Questi ostacoli e conflitti spiegano perché il completamento del processo di sostituzione delle importazioni abbia avuto conseguenze così catastrofiche. Questo enorme sforzo, compiuto da uno Stato senza solidarietà corporativa e con debito estero, sembra averci portato a una crisi più profonda di quelle seguite ai precedenti tentativi di installare l'industria pesante in Brasile.
È noto il suo angoscioso andamento dopo il 1979. Ma è dal 1982, con l'esaurirsi dei finanziamenti esterni, che si fa esponenziale e definitivamente esplicito il nodo centrale della crisi: la generale tensione finanziaria che distrusse ogni possibilità di continuo rilancio dell'economia e ha fatto implodere lo Stato in via di sviluppo in un momento in cui si trovava di fronte alla sfida di una transizione democratica.

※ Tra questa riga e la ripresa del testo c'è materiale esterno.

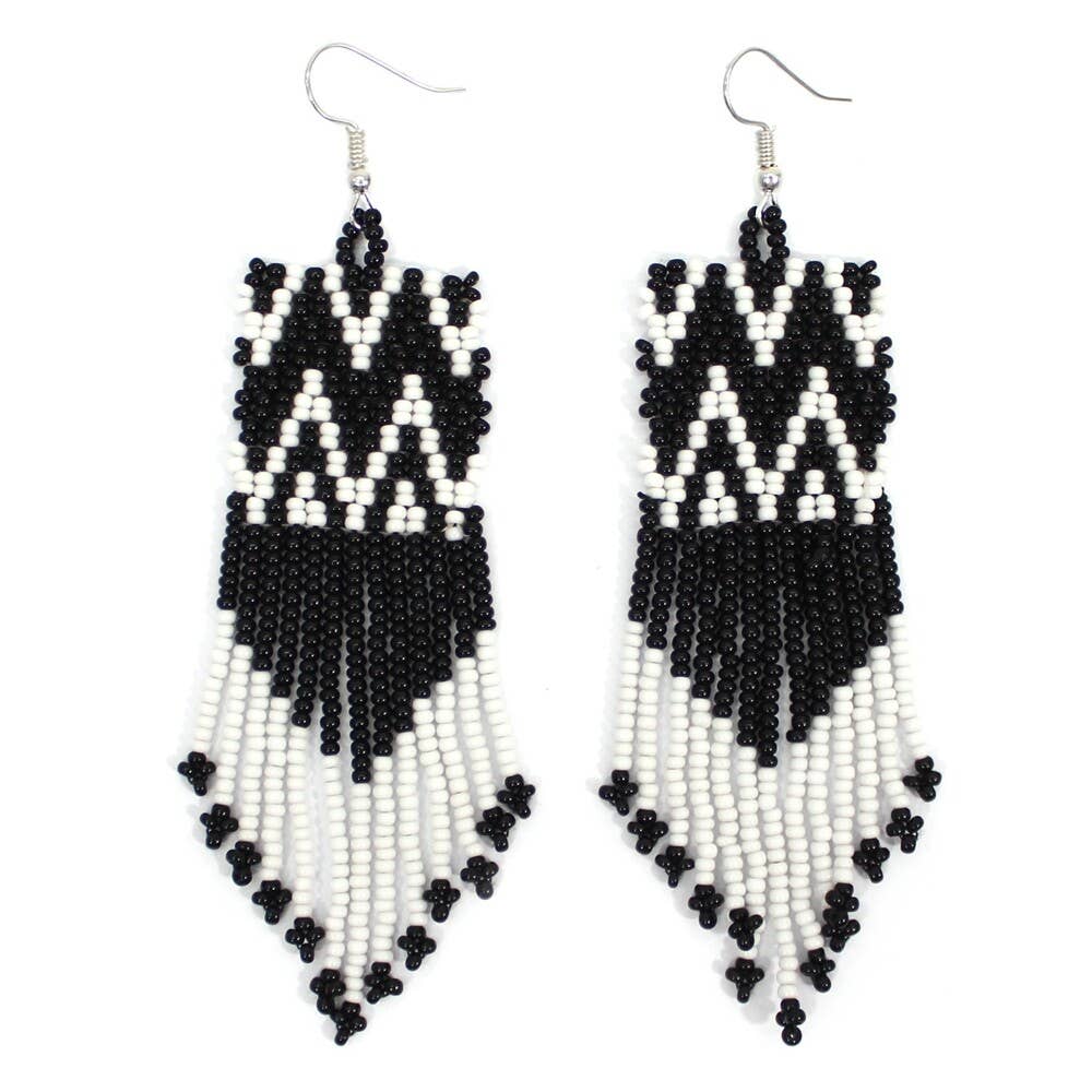 Beaded Handwoven Guajira Square Earrings (Cream/Black)
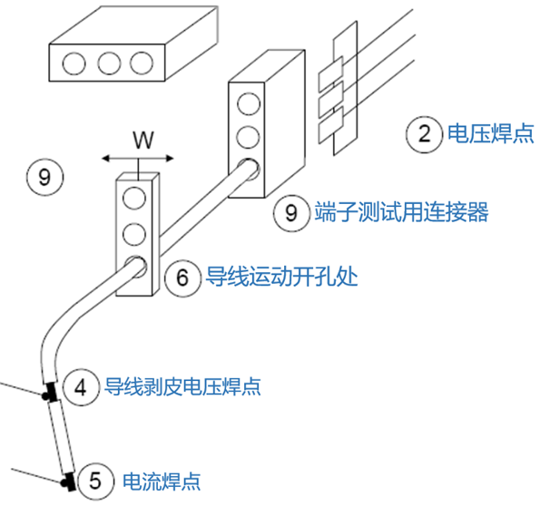 測試步驟必須按照圖2和圖3進行設置。焊點不能太靠近壓接區。導線上的第一個焊點不能比I1和I2更近,焊點必須包含所有的銅線。點4位置的導線要剝皮,不能切斷,剝皮是不能損傷到銅絲。
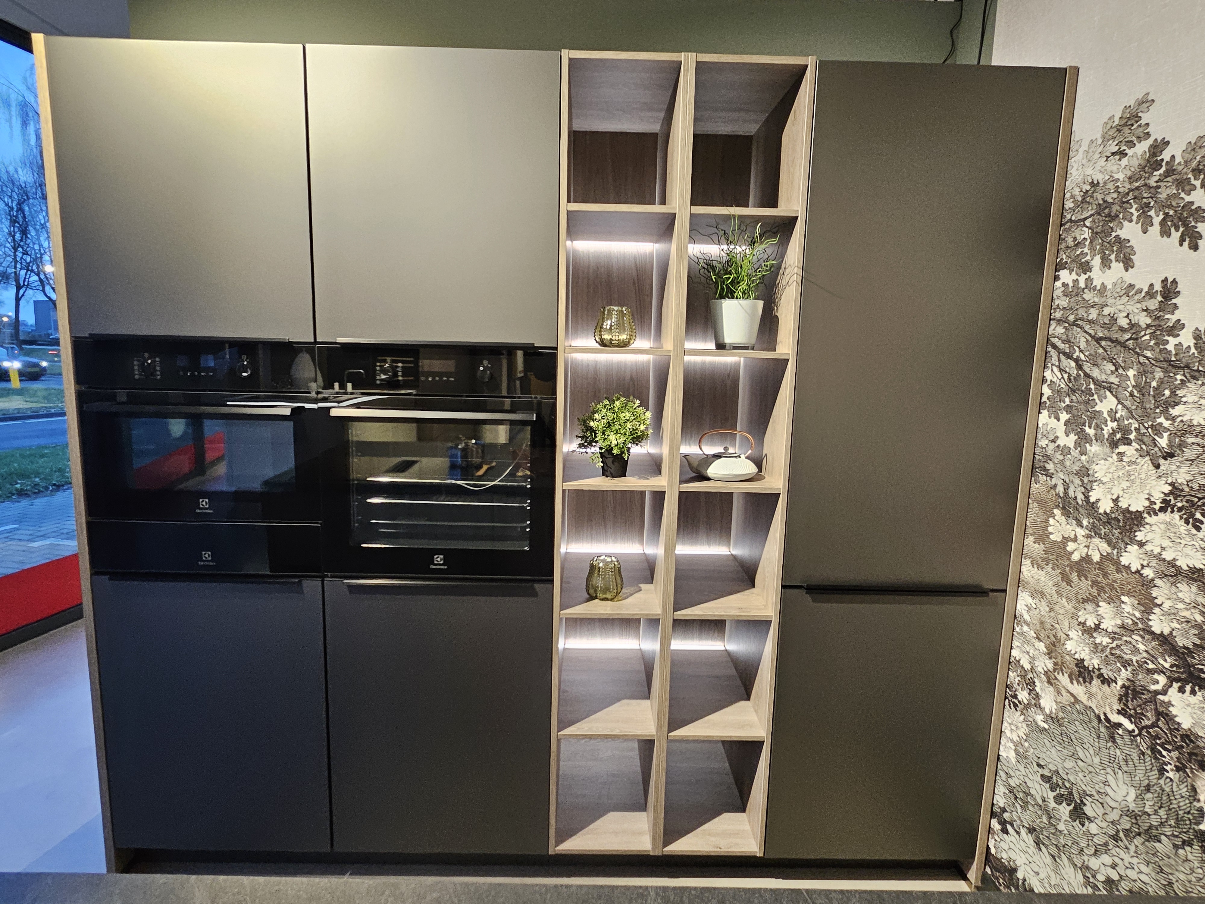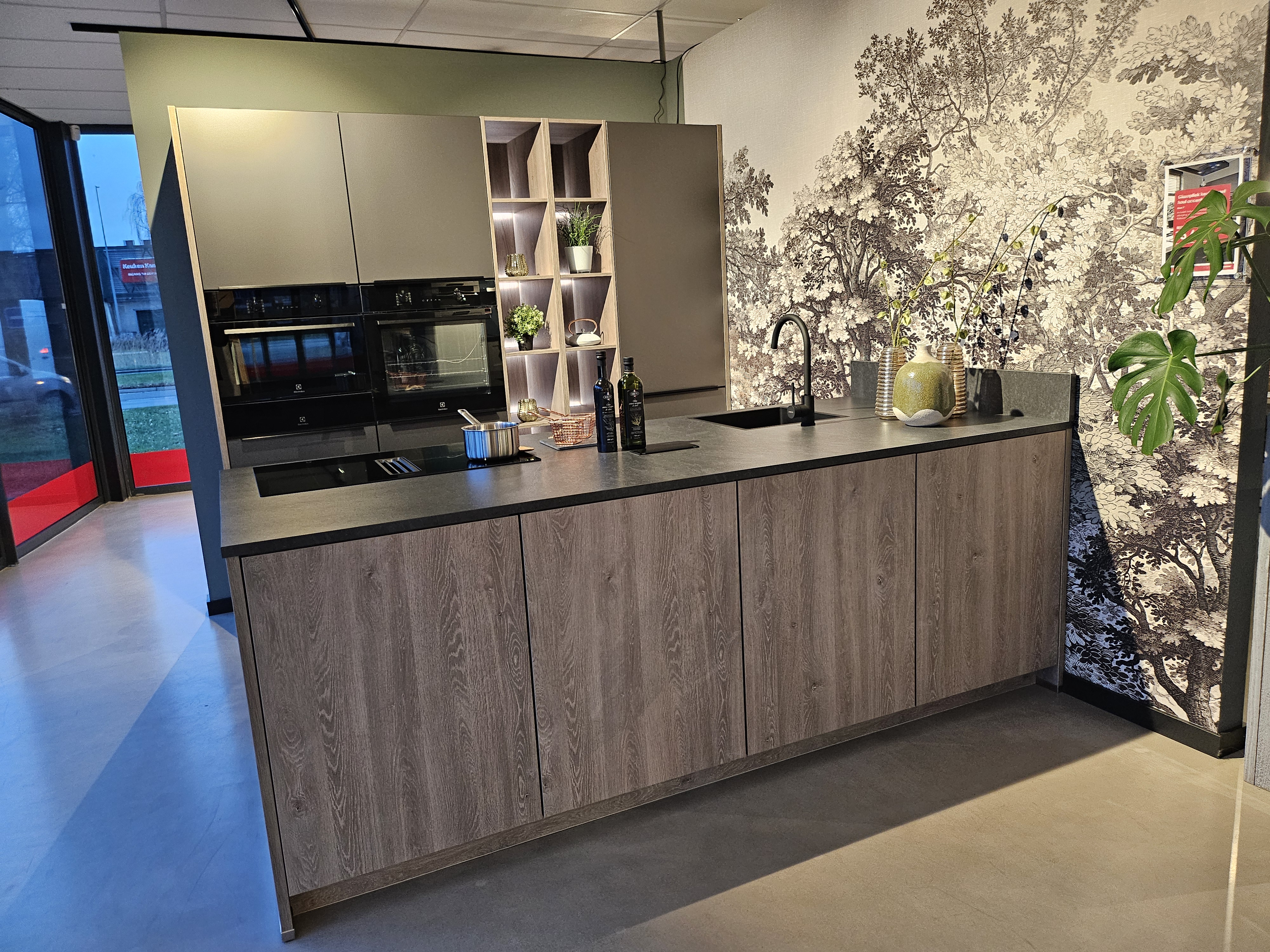 Deze moderne keuken is uitgevoerd in een combinatie van 2 kleuren. Houtoptiek eiken Bergamo gecombineerd met Glasoptiek Titanio. Een chique combinatie. Zeer fraai detail zijn de 2 hoge open kasten met verlichting.
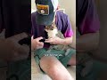 My little cat's nails have gotten very long, so we're cleverly trimming them.😜😁#cat #pets #funnycat
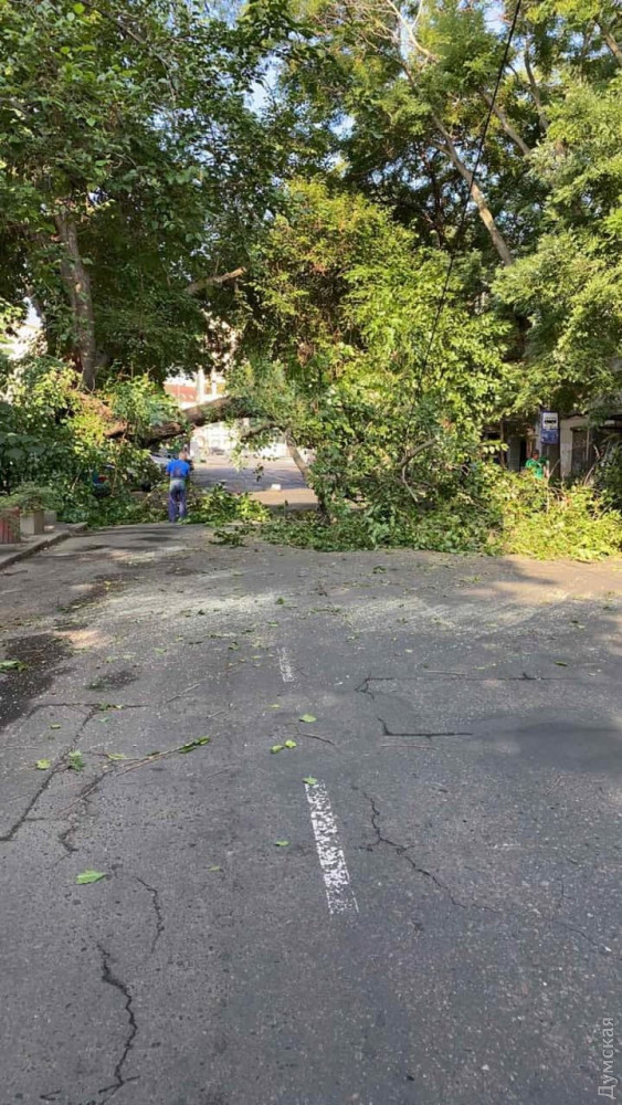 На место оперативно прибыли сотрудники КП «Горзелентрест», которые распилили упавшее дерево и разблокировали улицу. Сейчас там работает бригада КП «Одесгорсвет», которая восстанавливает целостность коммуникаций.
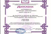 С 25.01.19 г. по 25.02. 19 г. команда школы «Наследники» участвовала в городском PR- проекте « Из сокровищницы Татарской культуры". Учащиеся 8А класса Филинов Дима, Обухова Жанна, Хаматдинова Алина, 10А кл.- Сорокина Екатерина и 5Б кл.-Трокина Николь и Куртова Аделина посещали необходимые объекты, фотографировались и отправляли задания. Было пройдено 5 этапов игры: «Библиотека», «Памятники и скульптуры города», «Посетить учреждение культуры и рассказать о нём», «Театральная жизнь города», «Музыкальная и хореографическая культура города». Ребята к игре отнеслись творчески, по всем заданиям были сделаны презентации и сняли экскурсионный ролик о библиотеке №10.

Questa crisi si è sviluppata negli anni '80, ma ha avuto origine nell'ambiguità strategica del II PND, diviso tra la sua opzione di sviluppo e la sua gestione stabilizzatrice; tra il suo progetto di potere nazionale e il suo finanziamento esterno; tra la sua vocazione statalista e la sua sottomissione a patti e impegni notarili, corporativi e regionali che privatizzavano e limitavano le stesse possibilità di modernizzazione e di efficacia dello Stato. Un'ambiguità estremamente visibile nel modo in cui è stato organizzato l'indebitamento delle aziende statali, obbedendo, un momento, alla strategia di finanziamento della "marcia forzata" evolutiva e, subito dopo, alla politica di stabilizzazione, quando hanno operato come mutuatari di valuta estera al fine di chiudere la bilancia dei pagamenti.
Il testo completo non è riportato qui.